## Source data

• • • • •

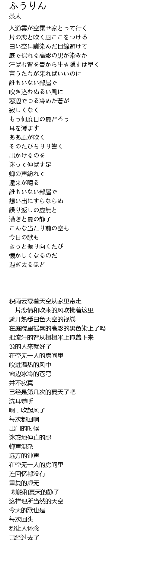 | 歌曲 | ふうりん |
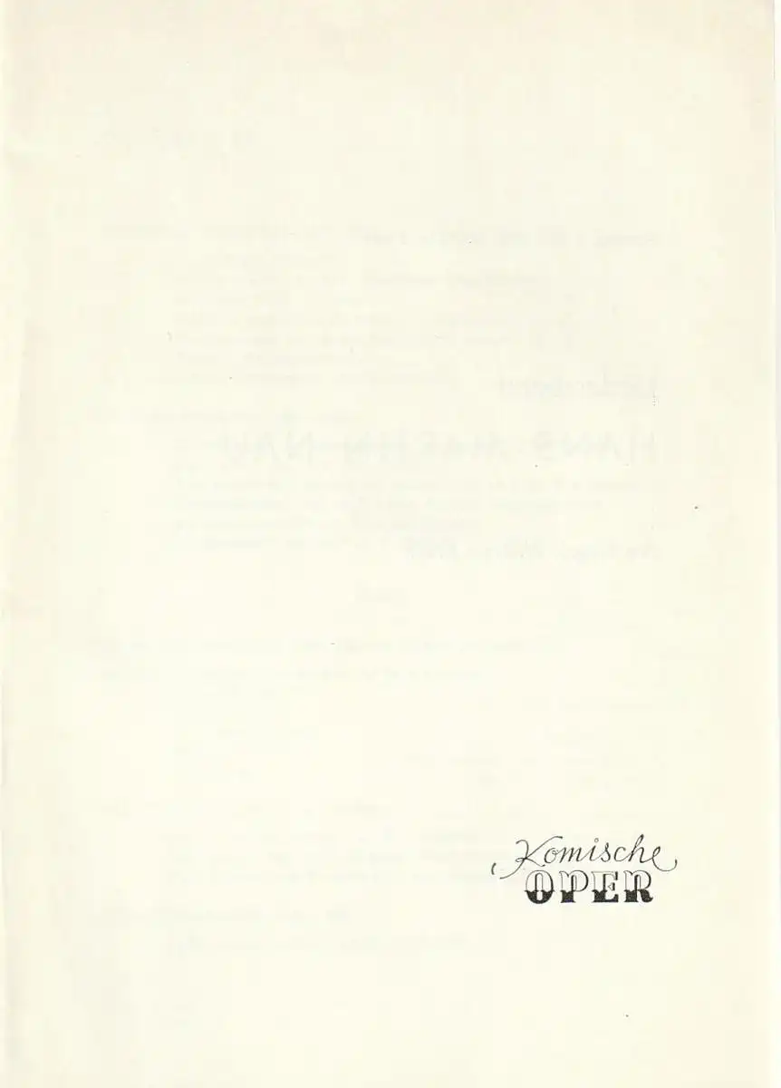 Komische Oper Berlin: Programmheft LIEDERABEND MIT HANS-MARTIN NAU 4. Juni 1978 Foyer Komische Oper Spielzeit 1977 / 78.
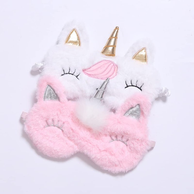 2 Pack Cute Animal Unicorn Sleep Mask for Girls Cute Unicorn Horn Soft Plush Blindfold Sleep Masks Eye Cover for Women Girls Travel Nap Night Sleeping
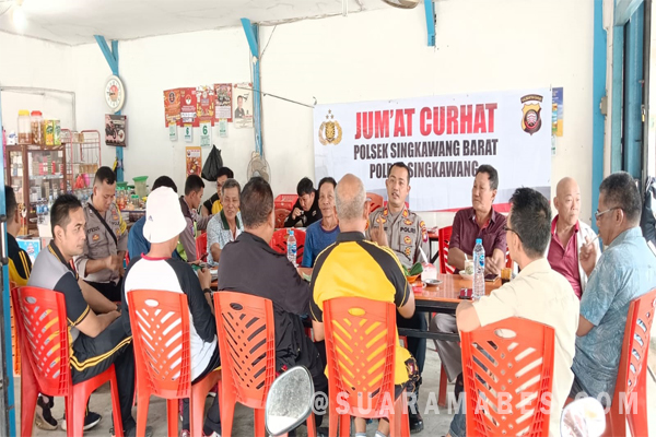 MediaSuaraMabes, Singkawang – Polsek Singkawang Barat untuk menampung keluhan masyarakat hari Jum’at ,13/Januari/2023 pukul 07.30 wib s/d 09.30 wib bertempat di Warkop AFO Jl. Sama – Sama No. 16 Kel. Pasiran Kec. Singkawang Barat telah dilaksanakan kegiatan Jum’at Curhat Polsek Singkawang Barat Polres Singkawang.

• • • • •

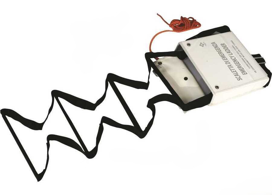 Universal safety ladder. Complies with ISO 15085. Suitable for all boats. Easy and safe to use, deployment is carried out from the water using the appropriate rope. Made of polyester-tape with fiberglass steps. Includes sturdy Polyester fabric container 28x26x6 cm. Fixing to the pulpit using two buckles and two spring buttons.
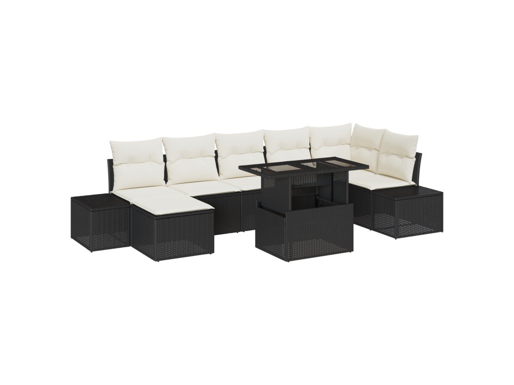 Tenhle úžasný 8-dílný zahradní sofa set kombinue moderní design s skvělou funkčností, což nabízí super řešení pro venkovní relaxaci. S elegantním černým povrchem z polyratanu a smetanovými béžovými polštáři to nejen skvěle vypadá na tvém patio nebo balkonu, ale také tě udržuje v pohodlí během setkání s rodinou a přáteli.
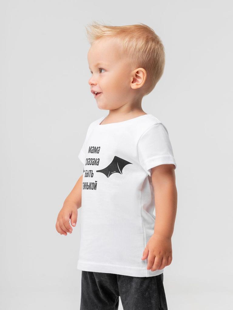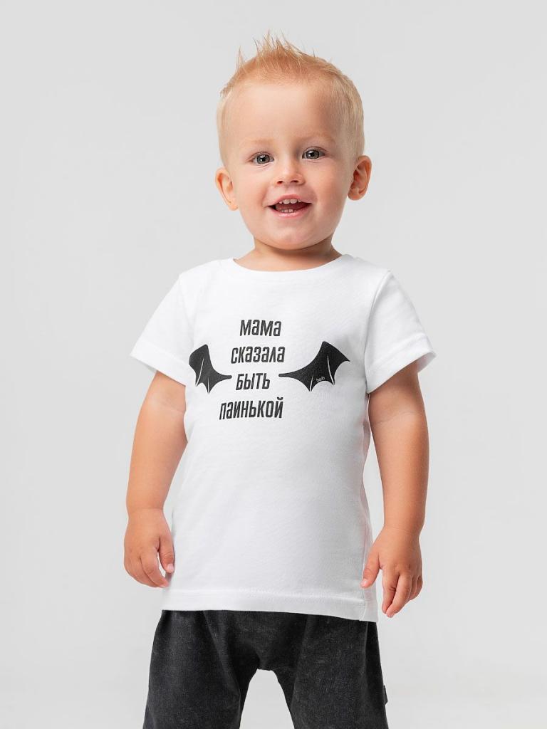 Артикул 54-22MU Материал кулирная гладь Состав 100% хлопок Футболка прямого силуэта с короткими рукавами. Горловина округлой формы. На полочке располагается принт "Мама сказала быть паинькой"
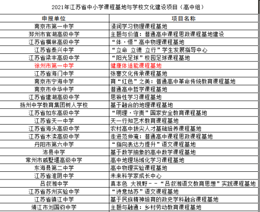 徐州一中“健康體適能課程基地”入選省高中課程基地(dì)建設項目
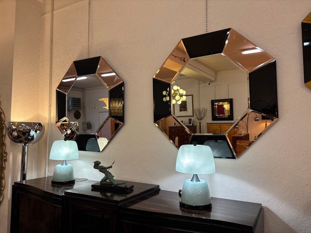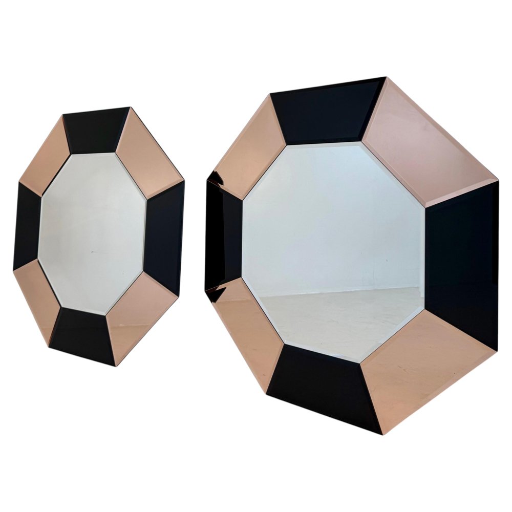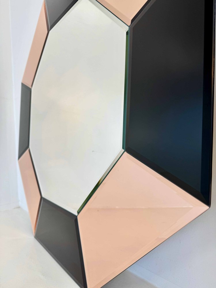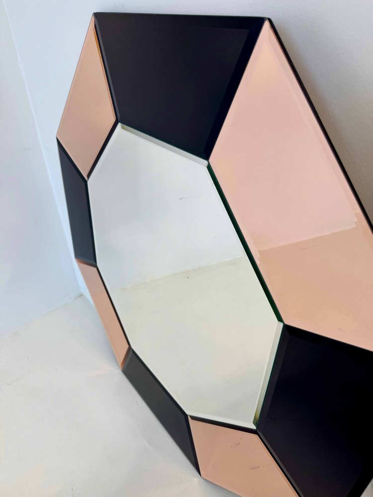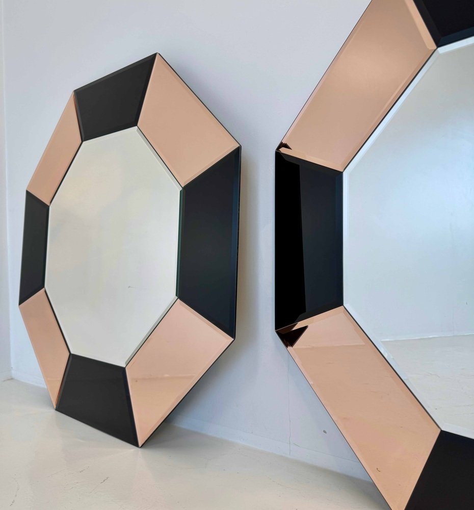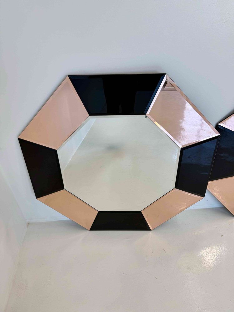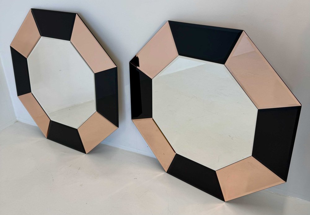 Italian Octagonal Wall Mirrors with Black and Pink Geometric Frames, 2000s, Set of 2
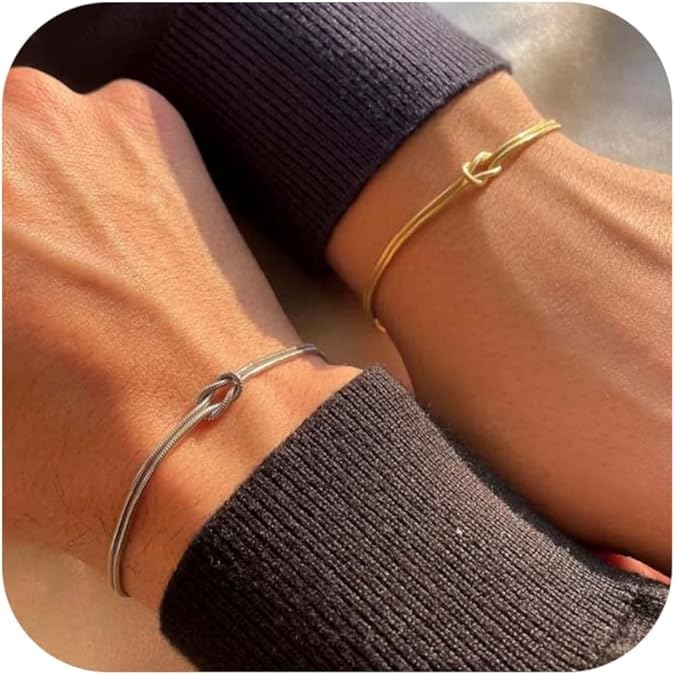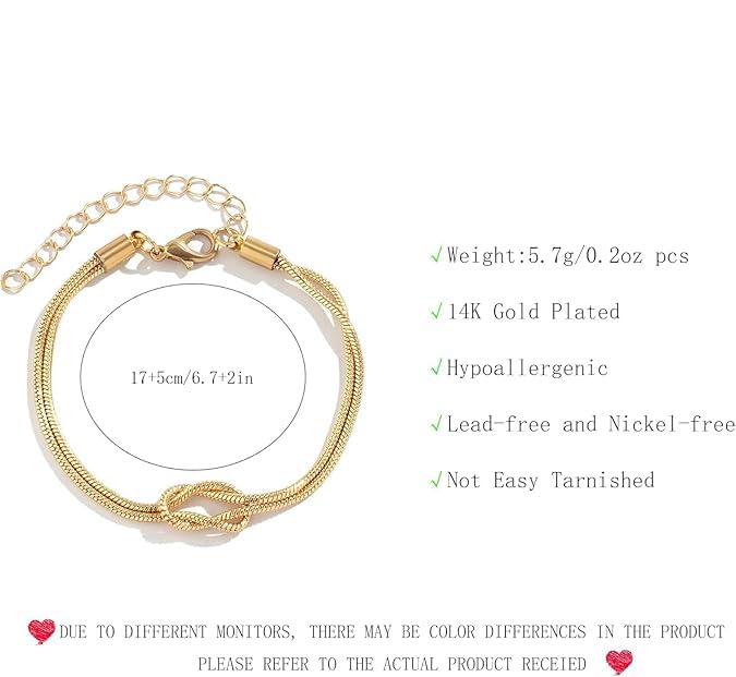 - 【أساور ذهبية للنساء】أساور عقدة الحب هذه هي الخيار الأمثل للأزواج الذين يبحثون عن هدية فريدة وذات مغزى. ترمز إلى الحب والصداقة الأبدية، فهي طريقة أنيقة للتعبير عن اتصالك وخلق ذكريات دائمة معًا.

• • • • •

## Brief
In the listing above, find the line with "Universal safety ladder." and the line with "- 【أساور ذهبية". Set down both and every line between them, minus the pictures.

## Response for this exercise
 Universal safety ladder. Complies with ISO 15085. Suitable for all boats. Easy and safe to use, deployment is carried out from the water using the appropriate rope. Made of polyester-tape with fiberglass steps. Includes sturdy Polyester fabric container 28x26x6 cm. Fixing to the pulpit using two buckles and two spring buttons.
 Tenhle úžasný 8-dílný zahradní sofa set kombinue moderní design s skvělou funkčností, což nabízí super řešení pro venkovní relaxaci. S elegantním černým povrchem z polyratanu a smetanovými béžovými polštáři to nejen skvěle vypadá na tvém patio nebo balkonu, ale také tě udržuje v pohodlí během setkání s rodinou a přáteli.
 Артикул 54-22MU Материал кулирная гладь Состав 100% хлопок Футболка прямого силуэта с короткими рукавами. Горловина округлой формы. На полочке располагается принт "Мама сказала быть паинькой"
 徐州一中“健康體適能課程基地”入選省高中課程基地(dì)建設項目
 Italian Octagonal Wall Mirrors with Black and Pink Geometric Frames, 2000s, Set of 2
 - 【أساور ذهبية للنساء】أساور عقدة الحب هذه هي الخيار الأمثل للأزواج الذين يبحثون عن هدية فريدة وذات مغزى. ترمز إلى الحب والصداقة الأبدية، فهي طريقة أنيقة للتعبير عن اتصالك وخلق ذكريات دائمة معًا.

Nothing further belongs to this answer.